TASK ITEM:
Copy every entry below exactly, and keep out the pictures.

(Data records)
=== Section Start ===
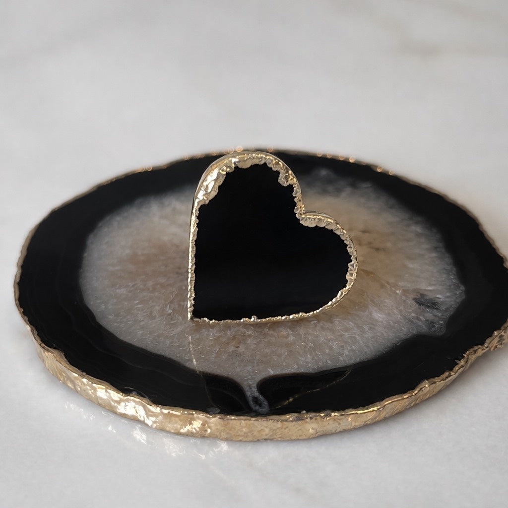 A bandeja em ágata preta natural, banhada a ouro, traz sofisticação e profundidade energética, sendo ideal para servir, decorar ou compor rituais de autocuidado e recepção.
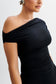 ALAYNA is an asymmetrical top with a straight-cut neckline and strategic ruching. Sewn from a custom blend of elastane and recycled nylon, its stretchy fabrication offers a fairly bodycon fit that highlights your curves. The ruching around the waist and arms further shapes and elongates the body, creating a universally flattering silhouette. Fresh and unique, this seasonal must-have can be worn as a solo feature or layered with a textured blazer.
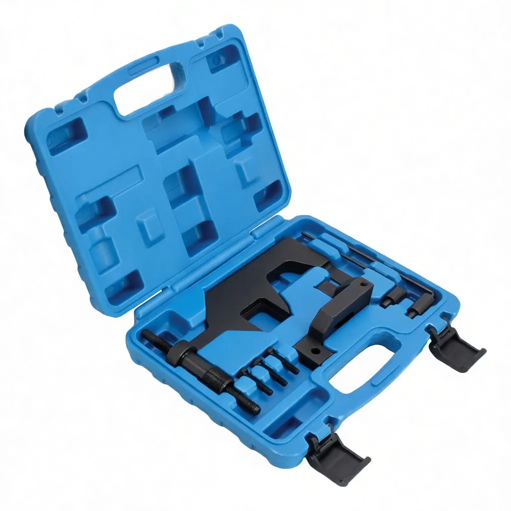 This specialized locking tool set is engineered for timing belt replacement and camshaft synchronization on Renault 1.4 and 1.6-liter 16-valve engines. The kit eliminates guesswork during critical engine timing operations, ensuring precise alignment and reducing service time. If you stock camshaft alignment tools for other European platforms, this Renault-specific set completes your timing service capability across multiple engine families.
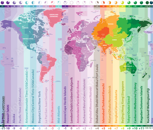 Wall mural world time zones vector map with countries names and borders
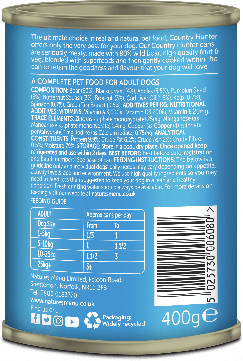 This seriously meaty, complete and balanced meal is made with 80% wild boar blended with fruit and vegetable superfoods, including blackcurrants, butternut squash, apples and broccoli. All gently cooked inside the can to lock in the goodness and flavour that your dog will love.
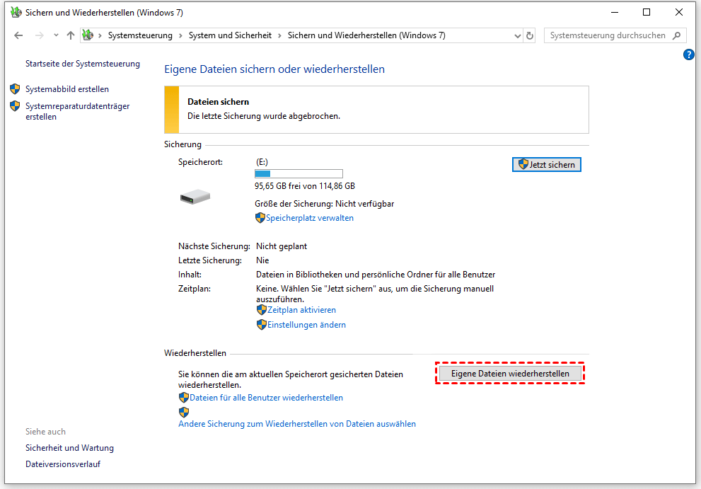 Windows bietet eine Sicherungssoftware – Sichern und Wiederhestellen (Windows 7). Diese Funktion speichert die Sicherungsdaten Ihres ausgewählten Laufwerks an einem bevorzugten Ort. Wenn Sie mit dieser Software eine Sicherungsaufgabe einrichten, können Sie versuchen, Dokumente aus der Sicherung wiederherzustellen.
=== Section End ===
RESPONSE FOR THIS EXERCISE:
 A bandeja em ágata preta natural, banhada a ouro, traz sofisticação e profundidade energética, sendo ideal para servir, decorar ou compor rituais de autocuidado e recepção.
 ALAYNA is an asymmetrical top with a straight-cut neckline and strategic ruching. Sewn from a custom blend of elastane and recycled nylon, its stretchy fabrication offers a fairly bodycon fit that highlights your curves. The ruching around the waist and arms further shapes and elongates the body, creating a universally flattering silhouette. Fresh and unique, this seasonal must-have can be worn as a solo feature or layered with a textured blazer.
 This specialized locking tool set is engineered for timing belt replacement and camshaft synchronization on Renault 1.4 and 1.6-liter 16-valve engines. The kit eliminates guesswork during critical engine timing operations, ensuring precise alignment and reducing service time. If you stock camshaft alignment tools for other European platforms, this Renault-specific set completes your timing service capability across multiple engine families.
 Wall mural world time zones vector map with countries names and borders
 This seriously meaty, complete and balanced meal is made with 80% wild boar blended with fruit and vegetable superfoods, including blackcurrants, butternut squash, apples and broccoli. All gently cooked inside the can to lock in the goodness and flavour that your dog will love.
 Windows bietet eine Sicherungssoftware – Sichern und Wiederhestellen (Windows 7). Diese Funktion speichert die Sicherungsdaten Ihres ausgewählten Laufwerks an einem bevorzugten Ort. Wenn Sie mit dieser Software eine Sicherungsaufgabe einrichten, können Sie versuchen, Dokumente aus der Sicherung wiederherzustellen.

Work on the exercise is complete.